Any tips for people trying to get into the hobby of playing retro games?

Originally asked on the main feed of Rezli.com.

That’s a very broad question that could have many different answers depending on what type of answer you were looking for. The easy answer would be this. So you want to be a retro gamer? Do you own games right now? If so, hold on to them, and in fifteen years you too will be in the hobby of playing retro games!

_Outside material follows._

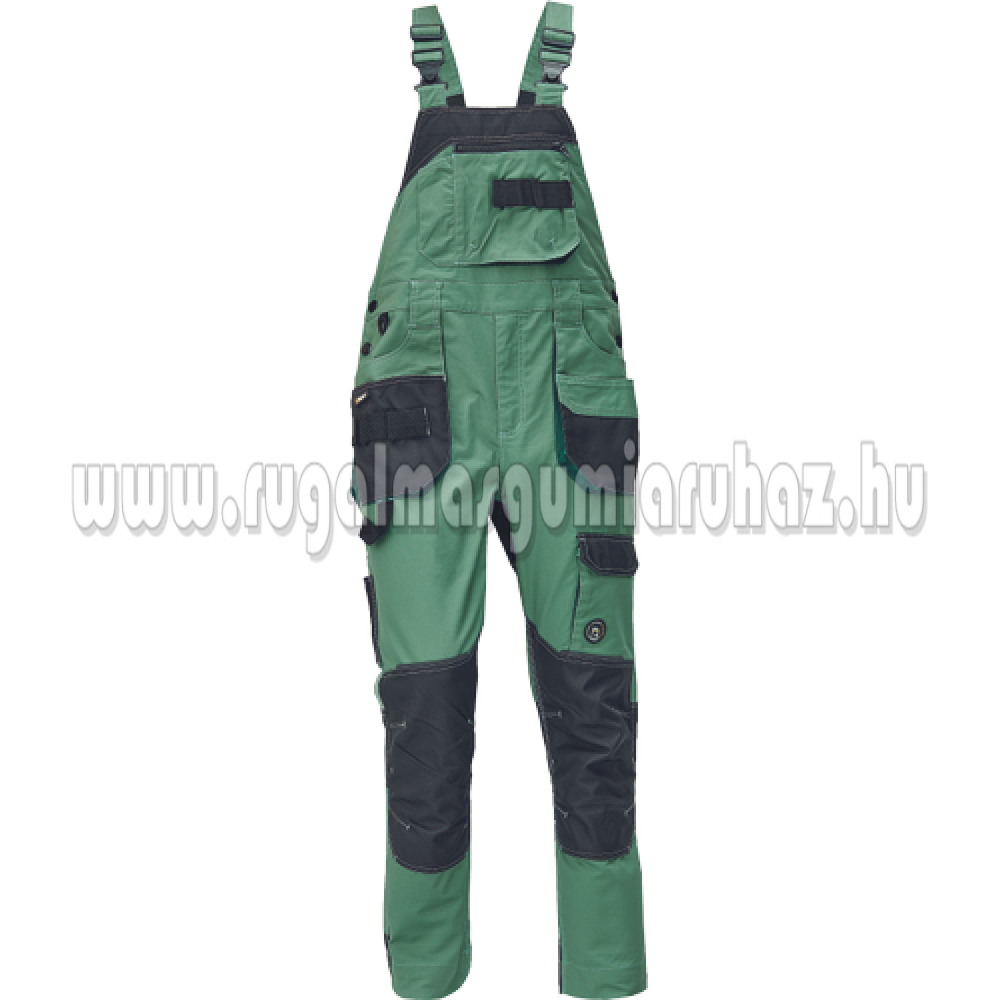 Férfi mellesnadrág; rugalmas, innovatív szövet TRIFIBETEX - ergonomikus szabás; a derékon hátul gumírozott; tartós tripla varrások a lábaknál és az ágyéknál; megerősített térdrész, térdvédőtartó zsebbel; tágas multifunkcionális első zsebek szerszámtartó pánttal; 2 hátsó zseb Oxford erősítéssel; a combon telefontartó zseb tépőzáras fedéllel; vonalzó zseb; késtartó zseb; kalapácstartó; D-gyűrű; szerszámtartó hurok a derékon; fényvisszavető kiegészítések; hosszabbítható szár
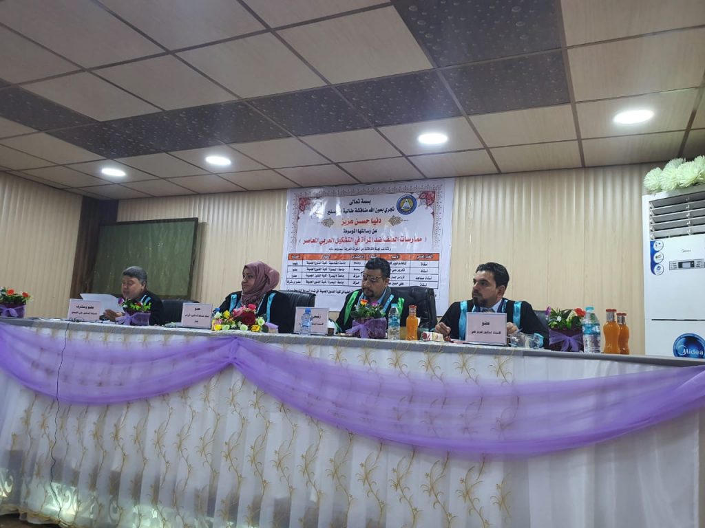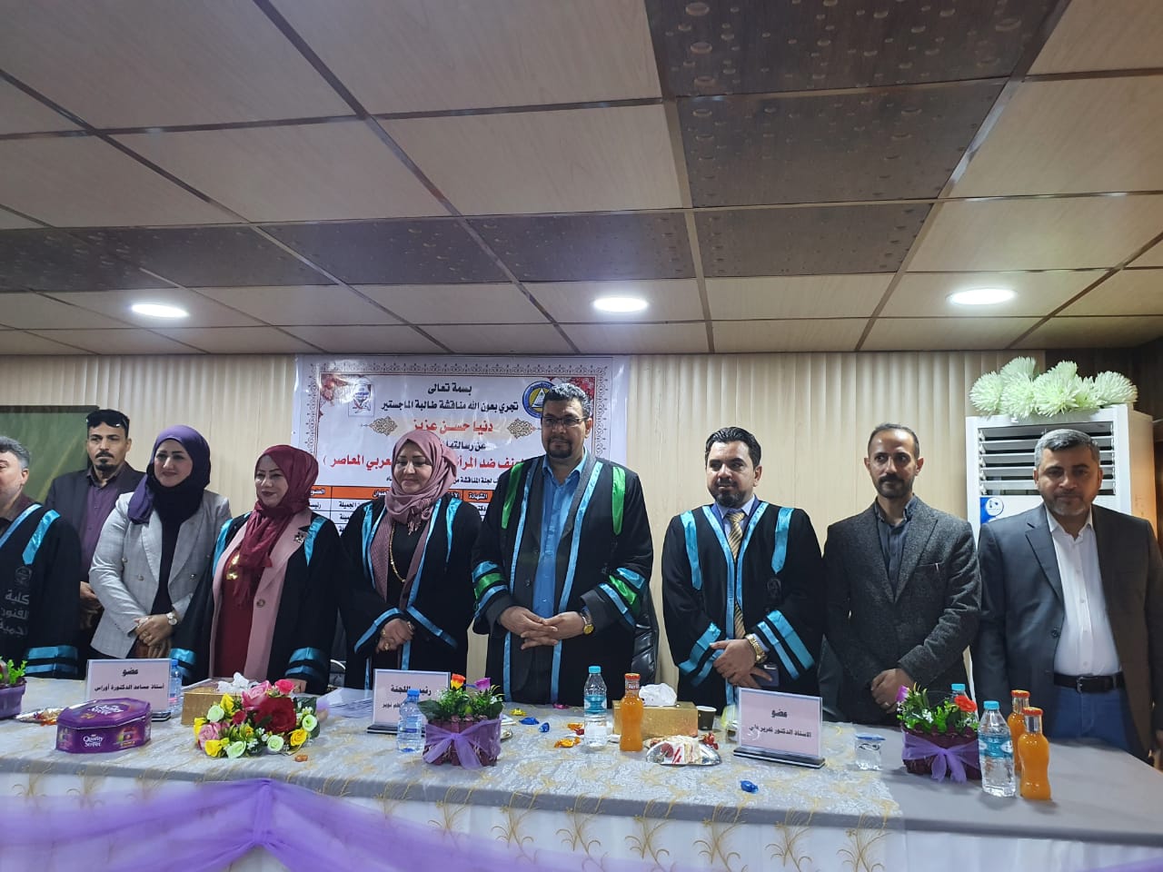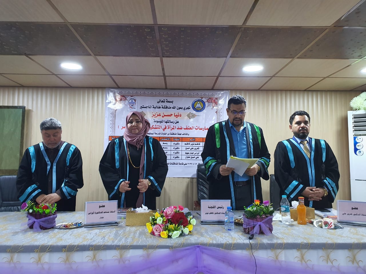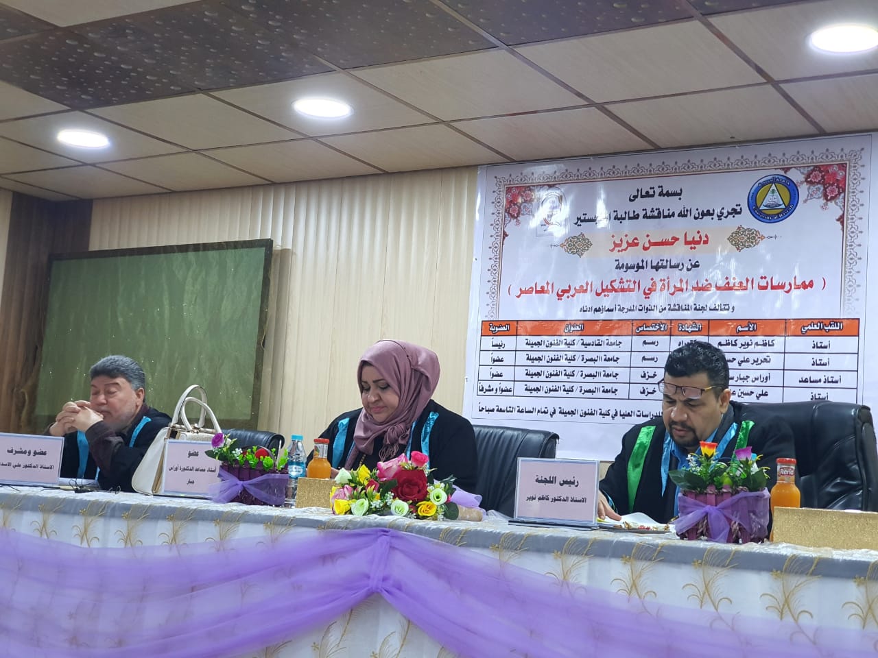 ترأس السيد عميد كلية الفنون الجميلة جامعة القادسية الاستاذ الدكتور كاظم نوير الزبيدي لجنة مناقشة رسالة الماجستير الموسومة ( ممارسة العنف ضد المرأة في التشكيل العربي المعاصر ) للباحثة دنيا حسن عزيز في كلية الفنون الجميلة جامعة البصرة .

Super Mario Bros. 3 had just come out when I was in kindergarten and blew me away. Then about a year later, my mom read a newspaper article to me, telling me they were coming out with a new Nintendo console called the Super Nintendo. At six years old, I wasn’t too sure about this. Why would they need a different console? The old one was already a lot of fun, and the new one couldn’t play the original Nintendo’s games! I carefully glanced at the picture of the Super Nintendo in the paper, perhaps almost frightened it might suck away any fun I had already had with the original Nintendo. Boy did that picture of the Super Nintendo look good though. I really wanted one.

When it came out, my friend Janet was the first one I knew to get one. Super Mario World was all I hoped it would be. Another friend of mine soon got a Sega Genesis, and I went over to his house and played Sonic the Hedgehog whenever I could. My family was an Atari household, and if you know the history of Atari, you probably know how rough that could be. The Atari ST by specs blew the NES, SNES, and Genesis all out of the water, and the Atari XE was on par with the NES for 8-bit performance. The games were really good too, but it was hard to convince anyone of that in the lunchroom at school. The only time I won anyone to my side was when they came over and played for themselves. I think my parents had a philosophy that if a game system didn’t have a computer keyboard, then it was probably going to rot my brain out.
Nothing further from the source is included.